Hyperparameter Advice

Question

Hyperparameter Advice

Random-Word opened this issue 6 years ago · comments

Hi Tuomas. I'm trying out your SAC implementation on some of the continuous gym environments and I'm curious if you have any recommendations for how to best tune the hyperparameters. Using the defaults and a temperature of 1, for instance, leads to some wildly oscillating policy performance on LunarLanderContinuous or InvertedPendulum. The policy may generate very good returns, then suddenly in the next entry in progress.csv terrible returns, and oscillates up and down without stabilizing.

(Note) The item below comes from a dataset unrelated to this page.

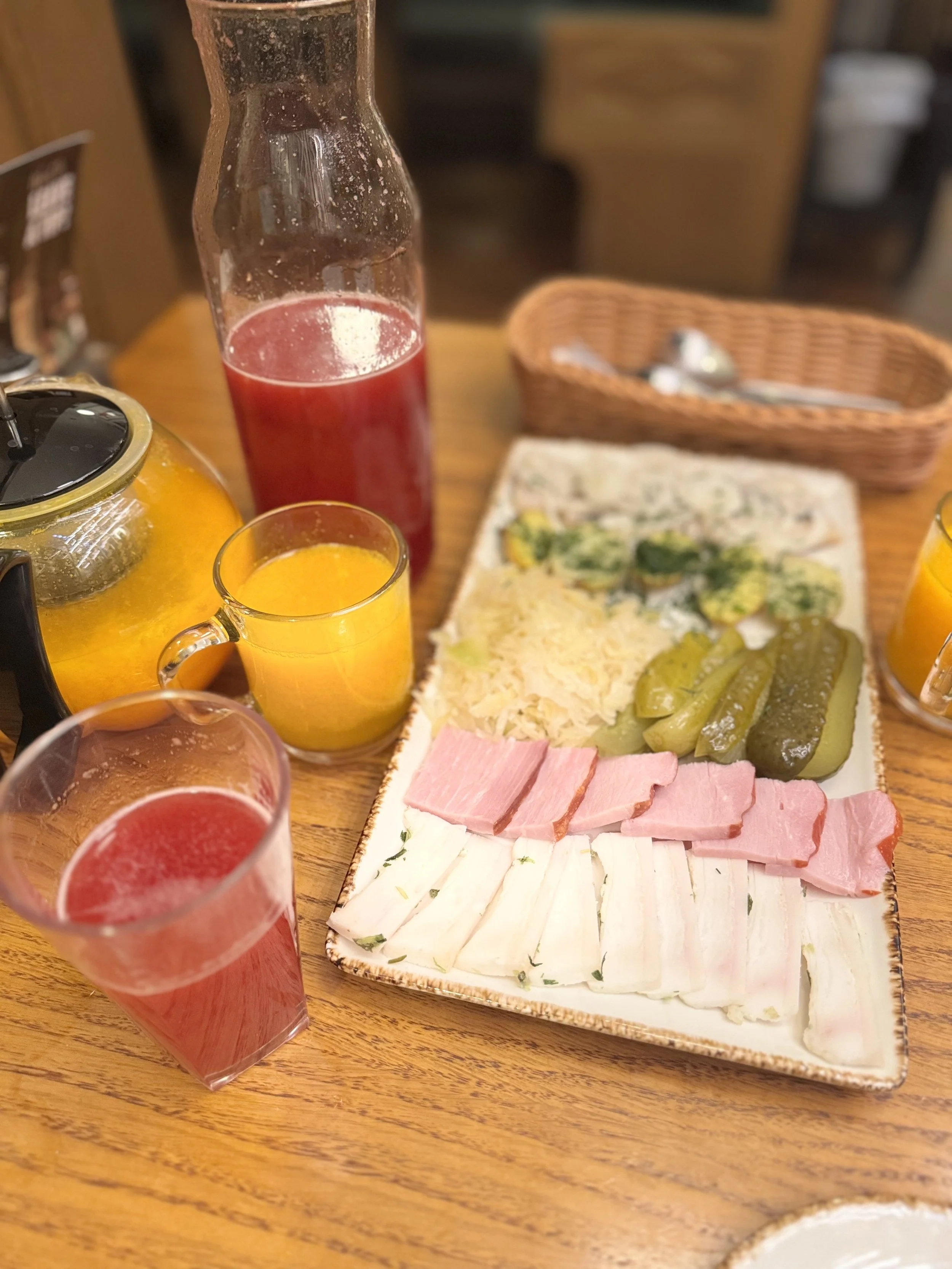 Cleansed, relaxed and with skin as smooth as butter, we went to our relaxation booth where we were served cucumber water, sea buckthorn tea, fresh cranberry juice, borscht soup, smoked ham, pork lard (my favourite) and cottage cheese pancakes with blueberries.
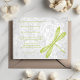 Invite a los huéspedes a su próximo boda con una invitación a la boda de la libélula verde. El diseño de la invitación presenta una libélula vibrante contra un elegante fondo de pardo gris y vid floral. Personaliza con los nombres del novio y la novia junto con la fecha y el lugar del boda. También hay material de boda adicional disponible con este diseño.

Does that suggest the temperature parameter needs to be tuned, or are some of the other default hyperparameters not ideal for these sorts of tasks?

An example of the episode return for lunar lander against samples:

Thanks!

Tuomas Haarnoja · Answer 1 · Sat Aug 04 2018 09:15:05 GMT+0800 (China Standard Time)

Learning tasks that require high precision can be hard with maximum entropy rl algorithms. There can be lots of variation in returns since the optimal policy is stochastic. You can try evaluating the policy using the mean action when using a Gaussian representation, which could give more consistent results. Using the mean instead of sampling from the policy distribution is just a heuristic and is not guaranteed to work, but at least on simulated locomotion tasks it seems to help.

You can also take a look at the entropy to tune the reward scale. A good rule of thumb is to have average entropy roughly equal to the negative of the number of action dimensions.

Ross Story · Answer 2 · Wed Aug 15 2018 10:16:10 GMT+0800 (China Standard Time)

It was using a deterministic evaluation policy, but the GMM policy without the reparamaterization trick was unstable over a wide range of temperatures for this task. Your update nine days ago to match the latest paper made the results much more reliable. Thanks!